The Germans now were in a wild state of panic, scurrying about, trying to find the direction from which the fire was raining down upon them. I’d reloaded and was able to kill four more before the krauts finally realized it was coming from behind them, and then they swung around and began to return fire. I had to duck down behind the wall as rounds zipped overhead and sent fragments of bricks and red dust raining down on me. At least one machine gun had opened up on my position. I took out a grenade and tossed it down the hill, more simply to create a diversion. I used the explosion to crawl east along the wall for twenty-five meters, so as not to present the same target. Besides my remaining grenade, I had only four rounds left. Cautiously I peered through debris covering what had once been a window. With my field glasses, I scanned the area below and to the west. Still nothing. The Germans continued to lay down a murderous fire, and I was about to abandon the mission, turn and make my way back to the sewer, when something caught my eye. About seventy-five meters away, in what was left of a stairwell of a building, two stories off the ground, I saw the tell-tale glint of sunlight off metal. When I looked more closely I recognized it as a rifle barrel, then a scope. As I continued to inspect it, I was able to make out a hand attached to the rifle, next a finger wrapped around a trigger, and finally, behind that, the crest of a field cap projecting just above some bricks.
There he was. My sniper
.

Doubtless he’d heard the commotion and had swung around and was searching behind the German lines. Searching for
me
. In fact, the barrel seemed aimed right at me. Had he spotted me? I wondered. Should I make a run for it? Instead, recalling the time I’d been caught in the tree, I decided to take my chances and remain perfectly still. I waited for the bullet that would slam into me, but after a moment, I saw him move his scope to my right, up the hill, hunting. This gave me all the opportunity I needed. I slowly brought my rifle up and into position. He didn’t present much of a target. Just the top half of his
field cap. That would have to be enough. I flicked the safety off and took aim at a point just below the crest of the hat. I breathed in, blew out, breathed in again and held my breath. Then I fired. I could feel the bullet strike home even before I saw the spray of blood against the wall behind him, saw the rifle barrel drop from the hand that held it and fall to the ground below.

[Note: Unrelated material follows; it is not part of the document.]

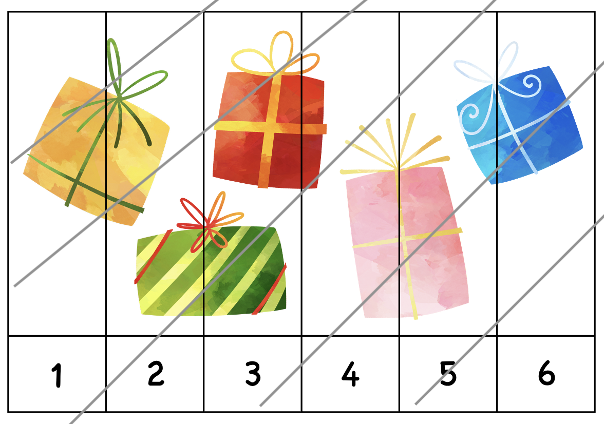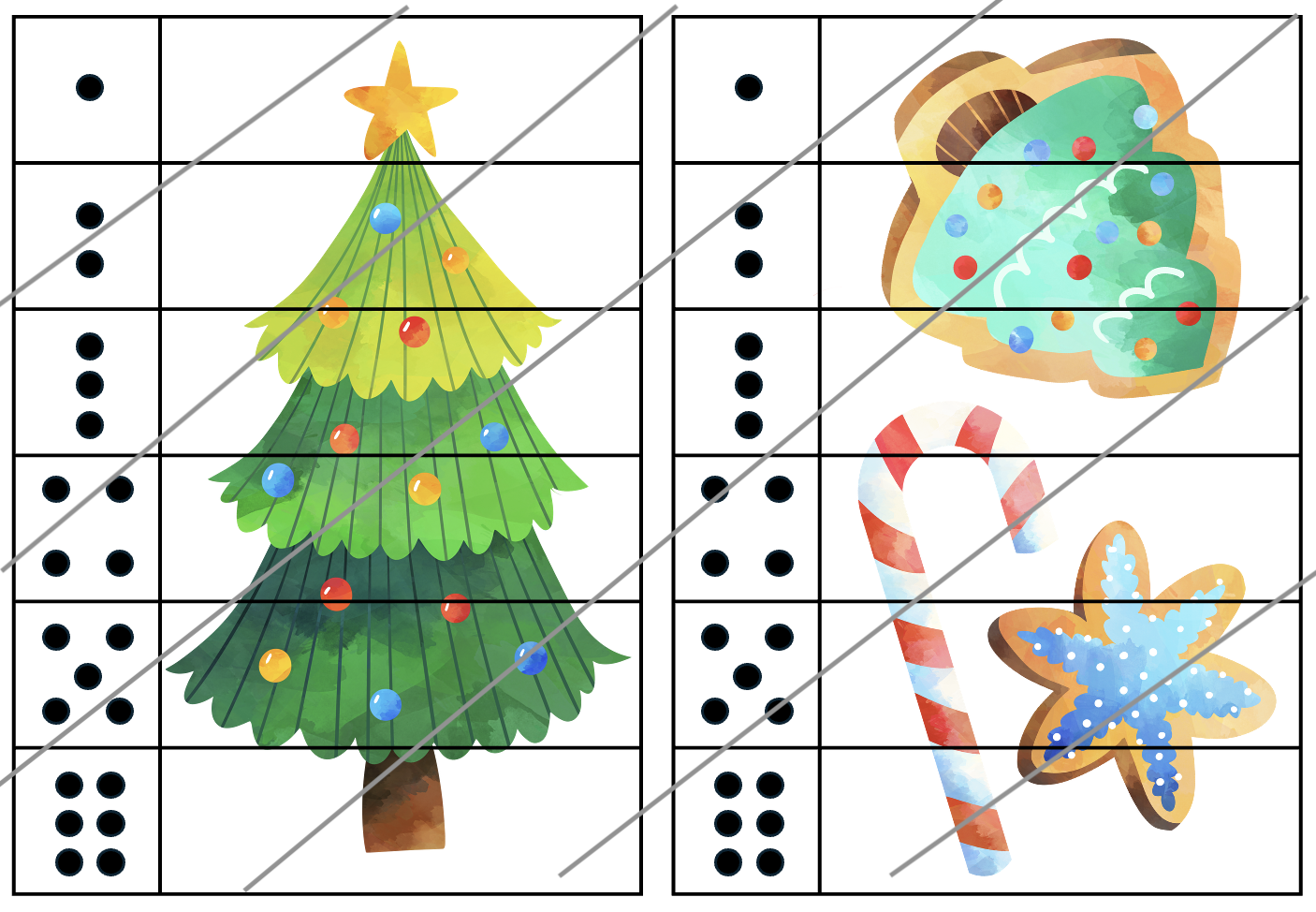 Skládací obrázky jsou ve 2 velikostech (2 obrázky na stránku nebo jeden obrázek na stránku). Pro děti které již ovládají čísla lze vytisknout obrázky s čísly, pro ostatní děti předškolního věku jsou k dispozici obrázky na skládání s tečkami.

Though I didn’t know it then, it would be my last kill.

The others now knew my position and started to fire on me. I returned fire until I ran out of ammo, then took out my pistol and shot until it was empty too. At that point, I got up and, in a crouch, started running back toward the sewer. That’s when I heard the familiar, high-pitched scream of a mortar descending to earth. I didn’t hear the blast—one never does—but felt myself pitched forward and then slammed headlong into the ground. I lay there momentarily on my side, dazed, my ears ringing, the coppery taste of blood in my mouth. My teeth felt loose from the impact. Turning my head slightly, I saw a jagged piece of blue sky off by itself, as if the sky too had been shattered by the blast. I stared at it with a vague curiosity. My right arm lay beneath me, at an odd angle. Yet I didn’t feel any pain. I didn’t feel much of anything, in fact. There was a burning low in my belly, the sensation of something warm running down along my side, soaking my tunic. Then I heard muffled voices. I couldn’t tell whether they were speaking German or Russian, but I knew they were getting nearer. Get up, I told myself. Get up or you will die. Despite this warning, I didn’t move. I felt so tired, so weary suddenly, as if all the fighting and killing, all the war, had only now caught up with me. I just wanted to close my eyes and sleep for a long while.